Standard microbiological techniques31
were used to isolate and identify S pneumoniae
and H influenzae
. The minimum inhibitory concentration of ampicillin, gentamicin, and chloramphenicol for both H influenzae
and S pneumoniae
was determined by E test according to the manufacturer’s instructions (AB Biodisk, Solna, Sweden).
Data management procedures
Data were double entered and validated locally with CENTRY software (US Census Bureau, Washington, DC). We sent original copies of the data to the Data Coordinating Center at Boston University, where the electronic data were cleaned and discrepancies resolved.

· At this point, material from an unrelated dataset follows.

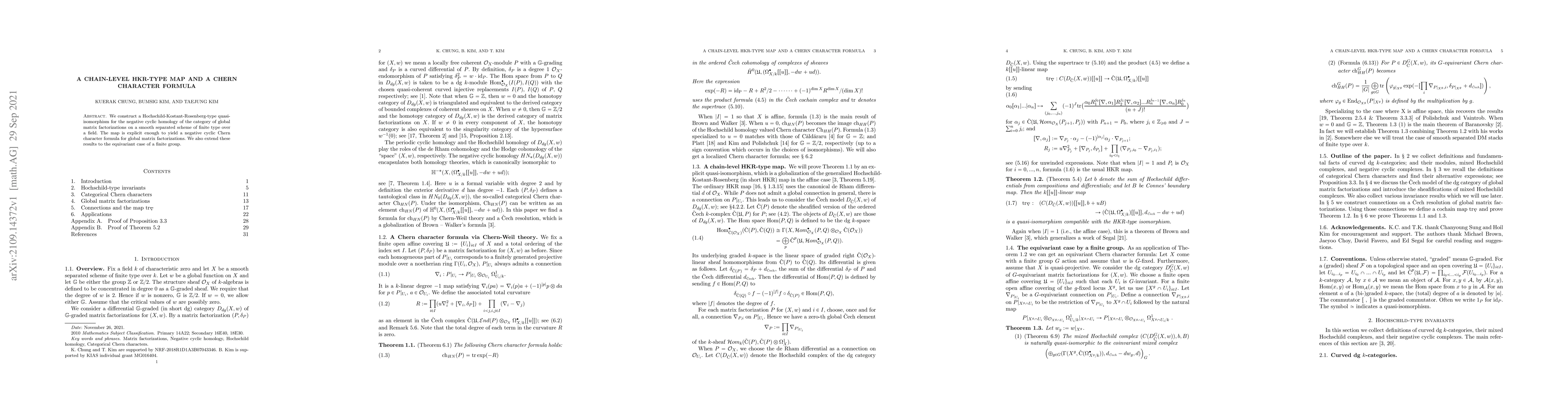 The paper introduces an explicit HKR-type quasi-isomorphism for negative cyclic homology, which facilitates the derivation of a Chern character formula for global matrix factorizations and its equivariant extension.

The sample size of 1182 participants was based on finding a 30% or greater reduction in treatment failure with ampicillin plus gentamicin compared with an expected 25% baseline failure rate with chloramphenicol,27 32,33,34,35
a 1:1 allocation ratio, 80% power, an α level of 0.05, and two planned interim analyses for early stopping with O’Brien-Fleming end points.36 37
We analysed the data using SAS software. PROC FREQ was used to calculate relative risks and 95% confidence intervals. To identify risk factors predictive of treatment failure by day 5 and death by day 30, we selected a group of factors—immunisation status, sex, hypoxaemia (oxygen saturation ≤90%, or ≤88% in the two high altitude sites in Mexico and Yemen), blood glucose, central cyanosis, age, weight for age z score, and breastfeeding status—and we calculated relative risks. We then included all variables with statistically significant relative risks in a multivariate logistic regression model built using a backward elimination procedure with PROC LOGISTIC. Treatment group and study site were forced into the model and we retained all variables with a Wald P value of 0.20 or less. We used the GLIMMIX macro to calculate the final multivariate models, in which study site was included as a random effect. Because diagnostics are not available for the random effects model we report model diagnostics (area under the receiver operating curve characteristic and Hosmer and Lemeshow goodness of fit test) for a fixed effects model.